Publication - Research and analysis

Coronavirus (COVID-19): domestic abuse and other forms of violence against women and girls during Phases 1, 2 and 3 of Scotland's route map (22 May to 11 August 2020)

Published: 18 Sep 2020

This report presents qualitative evidence on the impact of COVID-19 restrictions on people experiencing domestic abuse and other forms of violence against women/girls.

Coronavirus (COVID-19): domestic abuse and other forms of violence against women and girls during Phases 1, 2 and 3 of Scotland's route map (22 May to 11 August 2020)
13. Women involved in prostitution and Commercial Sexual Exploitation

13. Women involved in prostitution and Commercial Sexual Exploitation

Throughout Phases 1 to 3 there was evidence that women involved in prostitution continued to meet in person.[40] In some of these cases, women advertised that they used precautions against the virus.[41]

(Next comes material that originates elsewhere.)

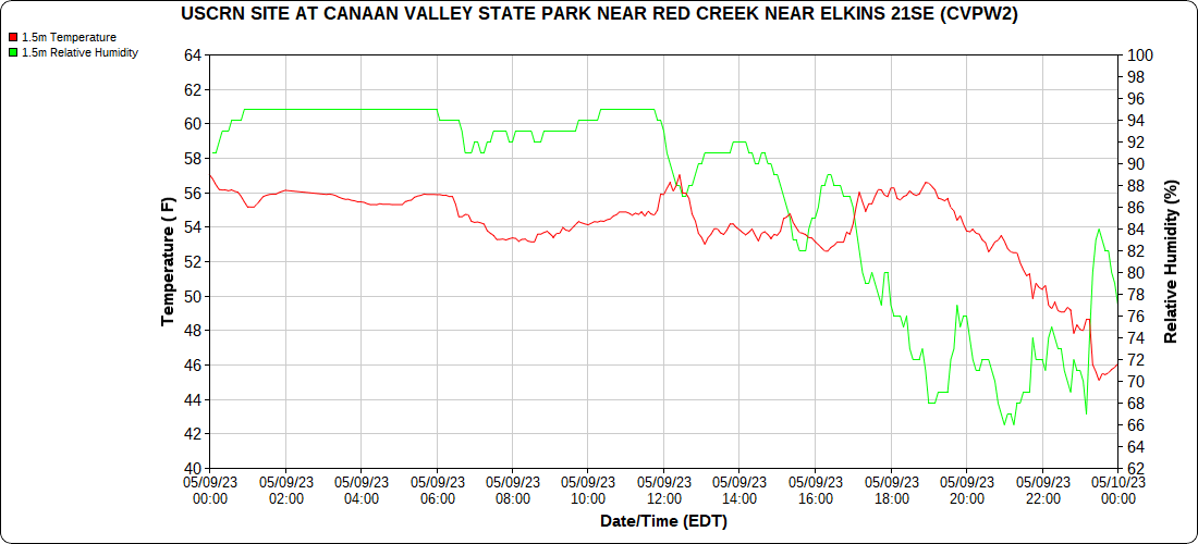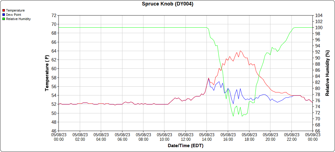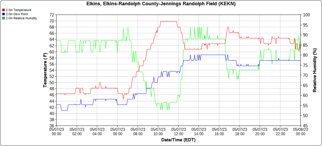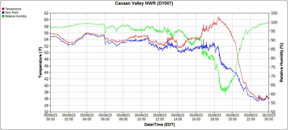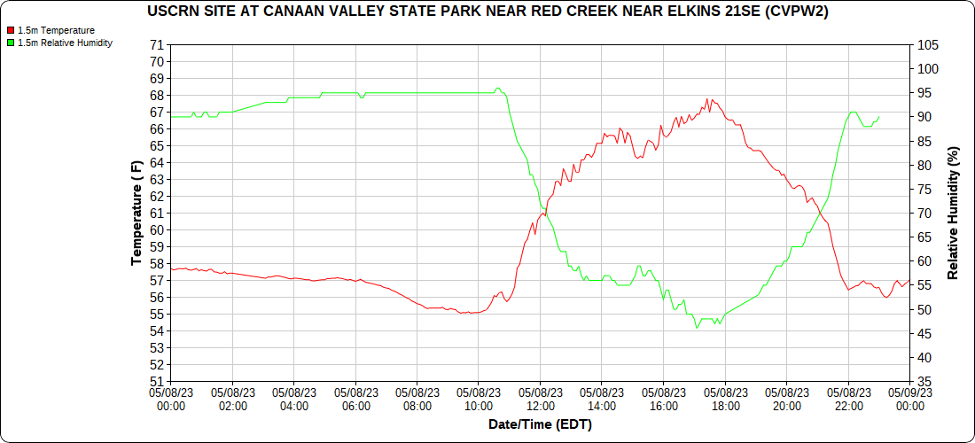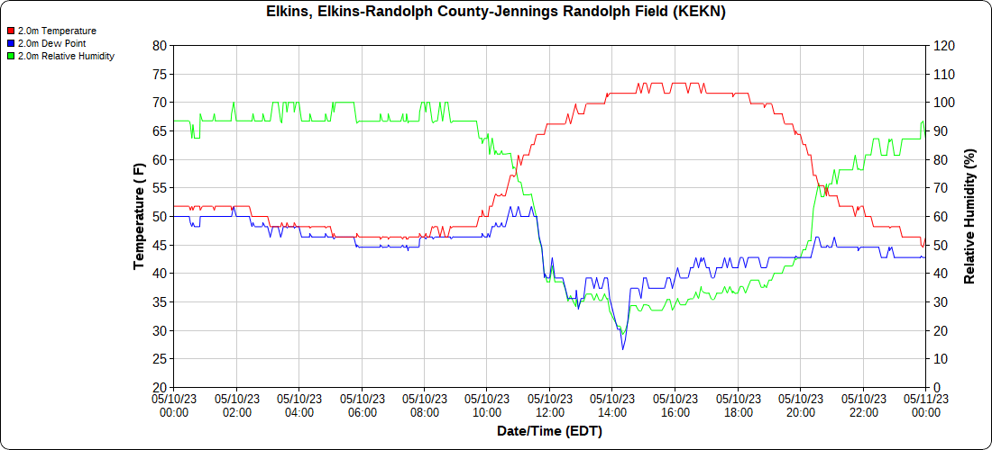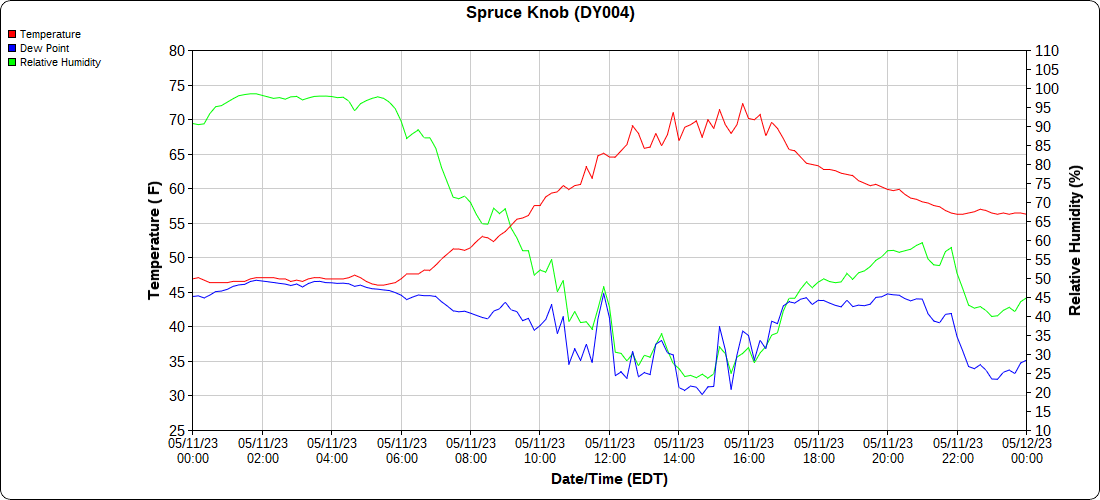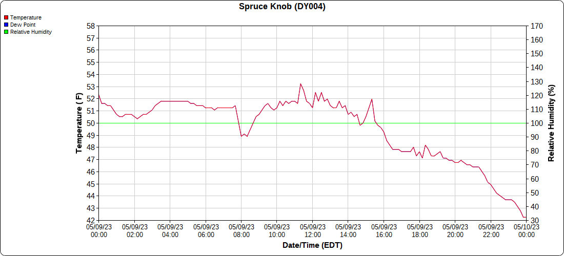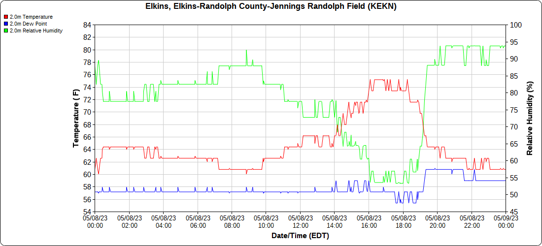 Dy007-Canaan Valley Refuge 3150′, Dy002-Cabin Mt at Bald Knob 4350′, Dy003-Cabin Mt-Western Sods 4035′, Dy004-Spruce Knob 4820′, Cvpw2-Climate Reference Network Canaan 3380′, KW99-Petersburg Grant County Airport 961, K2G4 Garrett County Airport 2933′, KCBE Cumberland Airport 774′, KEKN Elkins Airport 1985′, KMGW Morgantown Airport 1227′, PMN16-Mt.Davis 3038′, KDCA-Reagan National 15′, G1472 Snowshoe 4500′, F0183 Burkes Garden 3050′
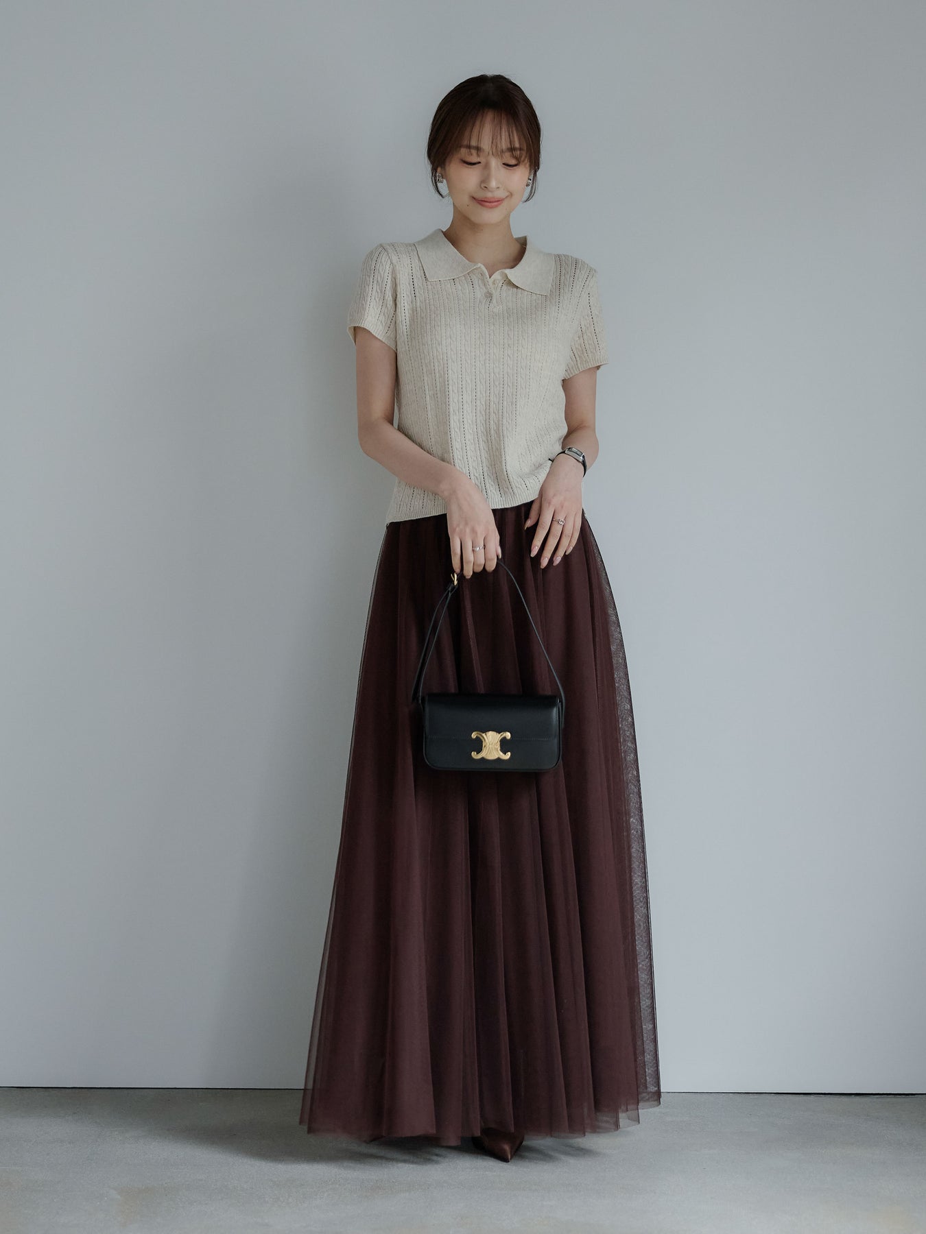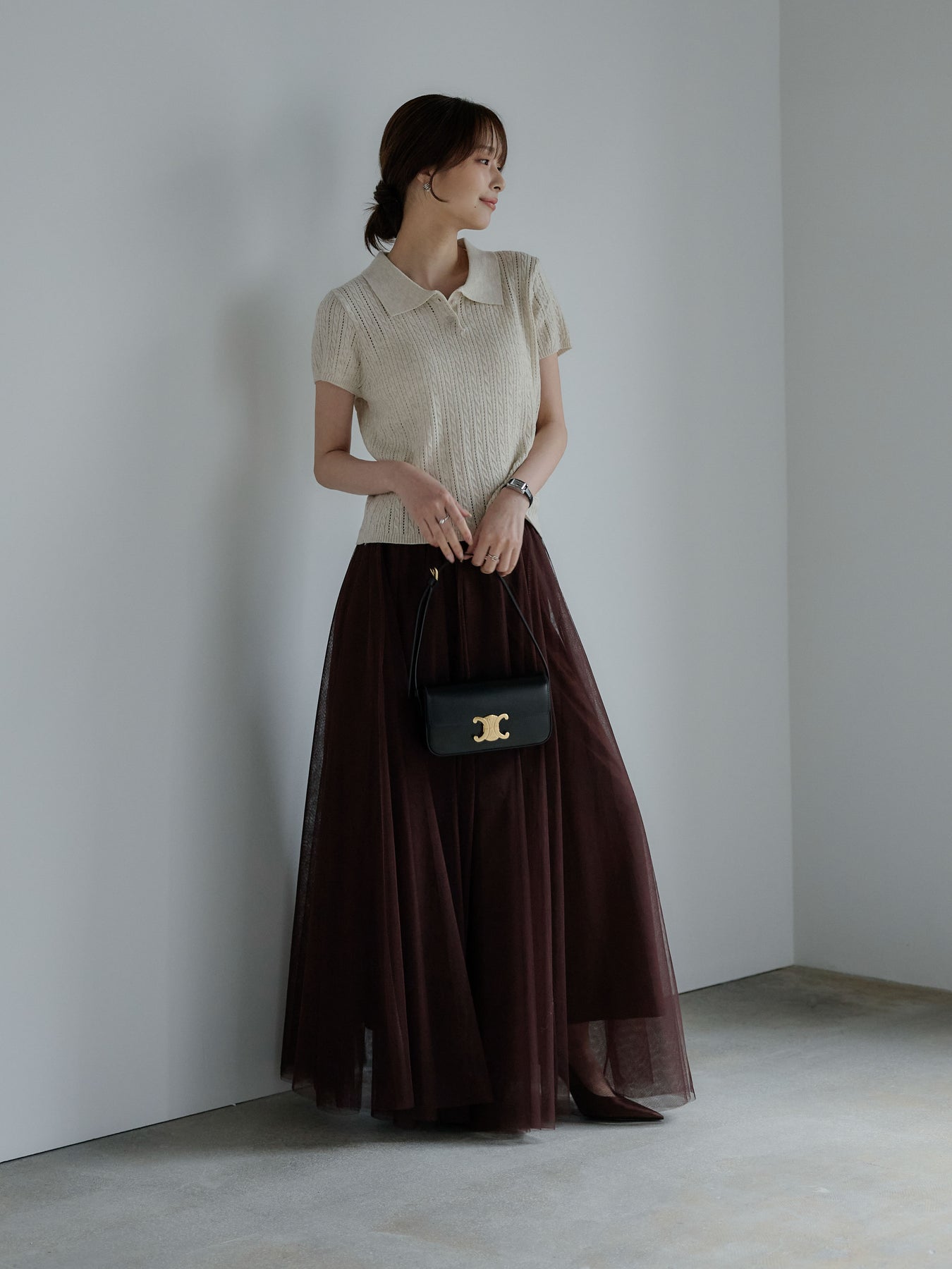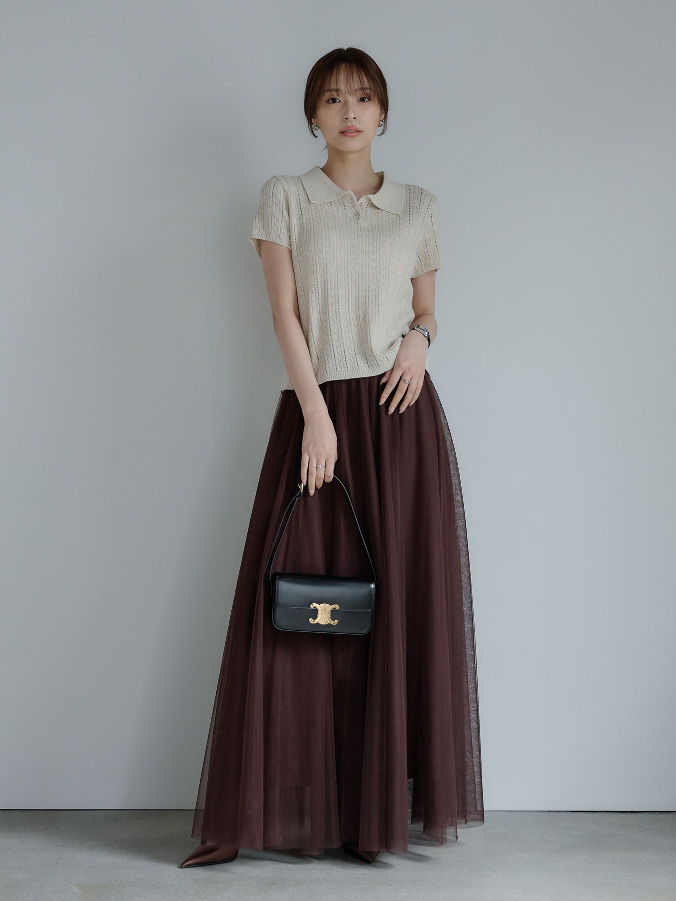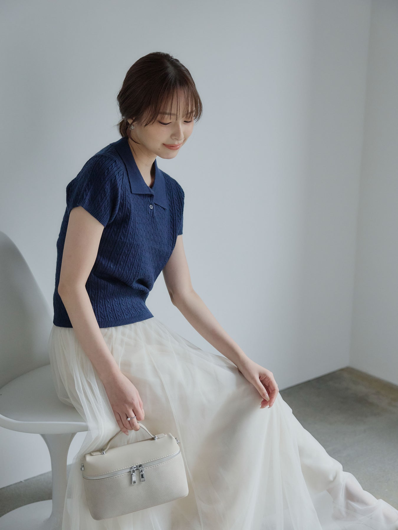 デザイン編みがポイントになるニットトップス。コンパクトなデザインでロングボトムスとも相性抜群。今の季節のスタイリングにぴったりのアイテムです。

The economic impact of lockdown and the subsequent phases had a significant impact on women in prostitution and CSE. Online advertisements continued to make reference to Coronavirus and women's challenging financial situation as the justification for engaging in online work. Many support organisations established destitution funds and/or worked in partnership with other third sector and statutory organisations to access crisis resources for women.[42] In particular, the Encompass Network Fund[43] was established to offer destitution funds for women involved in selling or exchanging sex, who were affected by COVID-19 and in need of financial help. During Phase 3, Encompass Fund administrators noted that: a significant number of applicants to the Encompass fund were mothers presenting in financial crisis; applicants indicated they wished to exit prostitution in the near or short term future; and many applications related to rent arrears, council tax arrears, food, fuel or essential resources for children. Organisations reported that the stigma associated with prostitution prevented some women for applying for destitution grants or other support, because the majority of these services required women to provide their real name, proof of identification, a current address and other personal details, which they were reluctant to share due to concerns around confidentiality and anonymity.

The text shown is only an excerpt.